Sunday, January 2, 2022

A Bad Fit?

In 2014, I wrote about my search for a decent sounding, reliable acoustic travel guitar in “Proof in Pudding.” The guitar I settled on was the Composite Acoustics Cargo with the LR Baggs pickup. At the time, I wrote “I am more than satisfied with my Composite Acoustics Cargo electric and expect to be playing this guitar for years.” and a few years later, when I swapped my Black Sunburst Cargo for a friend’s red Cargo, I wrote the “Cargo is so much my go-to guitar” that it mostly lives at a spot in our home where I can immediately grab it on any inspiration. If I were forced to keep just one of my guitars, it would be the Cargo. I love playing it, it sounds wonderful, and it is durable in all of the best ways: it is practically weather-proof, stays in tune, and has (unfortunately) taken a bit of beating and survived unblemished. 

Peavey stills displays the CA line on its website. But if you try to look at any of the CA guitars, you’ll see that every model is tagged “item is discontinued.” A couple of years ago there were a few demonstrators and seconds still on the CA website, but they are long gone now. The consensus is that Peavey over-estimated their ability to sell a premier instrument and has abandoned the Composite Acoustics guitars. I can’t find any official notice of that, but dealers don’t have new stock and their big dealers like Sweetwater and Guitar Center no longer list CA instruments in their online catalogs. Used CA instruments sellers have been slowly raising their prices and expectations for the past 3-4 years until asking prices for those instruments are in the collectors’ territory: $3,500-8,000.

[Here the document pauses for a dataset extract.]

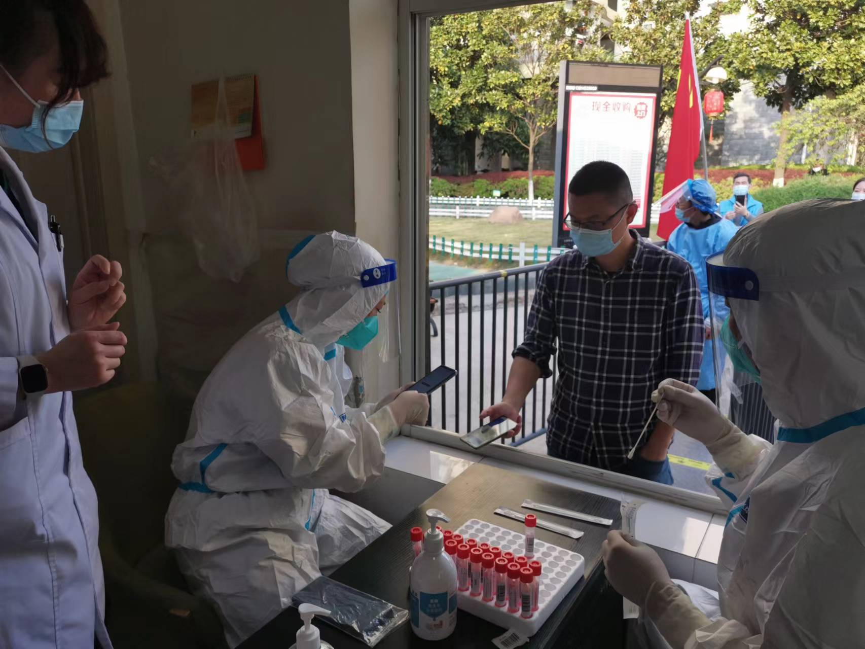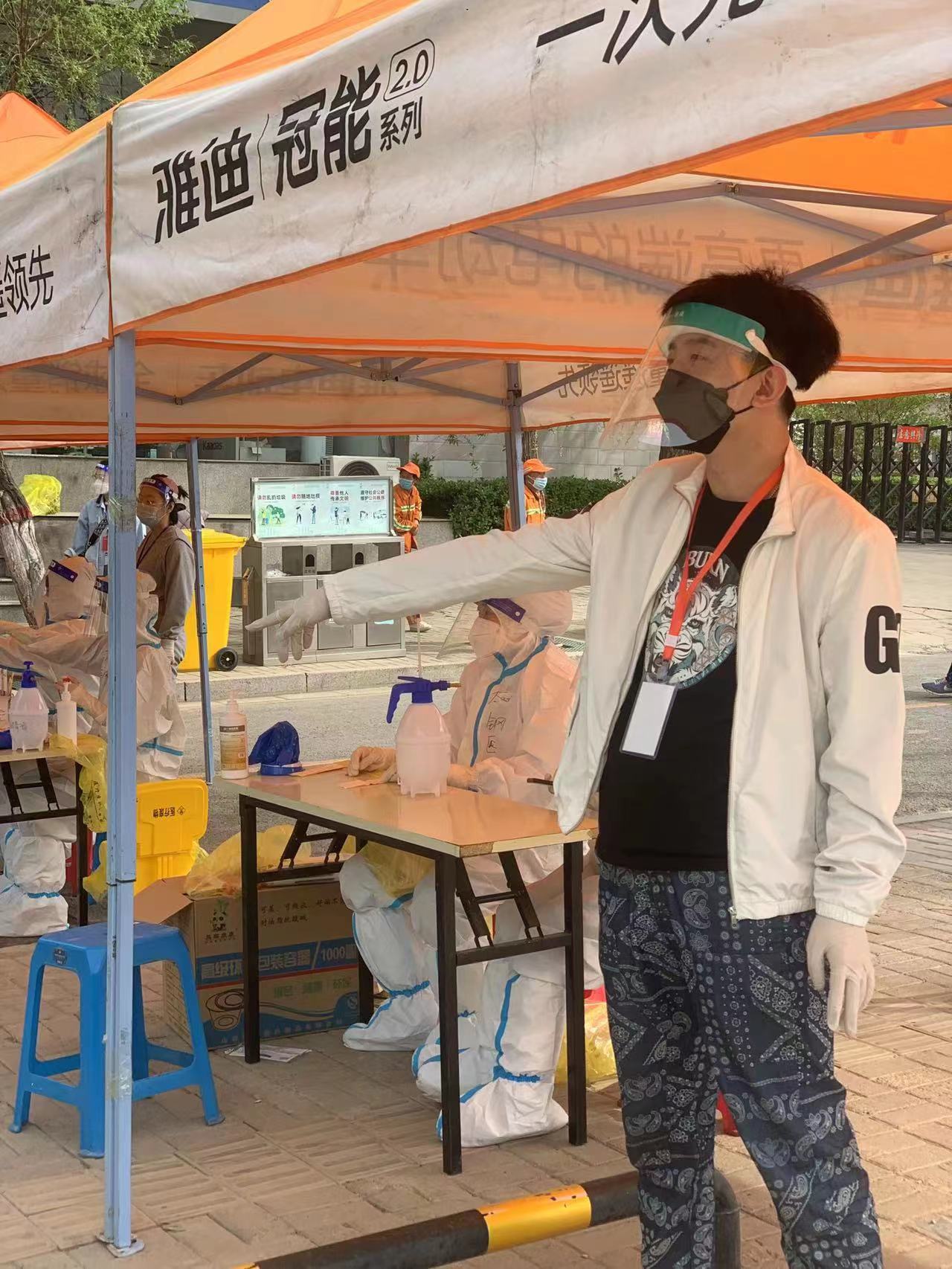 項目部經(jīng)理張麗華支援莫愁湖街道江東門(mén)社區的核酸采集,對每個(gè)前來(lái)做核酸的人員進(jìn)行信息登記及身份核實(shí)工作。

The original vision for Composite Acoustics was ahead of its time. The pre-Peavey instruments were, at their best, some of the most amazing custom instruments every built by anyone. The technology invested in that manufacturing process and the training and skills demonstrated by CA employees is just incredible. There might not ever be another instrument maker as advanced and quality oriented as was that original California company. It’s worth your time, if you are interested in guitar construction, to watch the CA manufacturing videos from the early 2000s: “Updating the CA Story.”

I hate that this incredible experiment is over, but I am glad I slithered in while the window was still open and I own two of their incredible instruments—an electric Cargo and an early-edition OX—and I love ‘em both.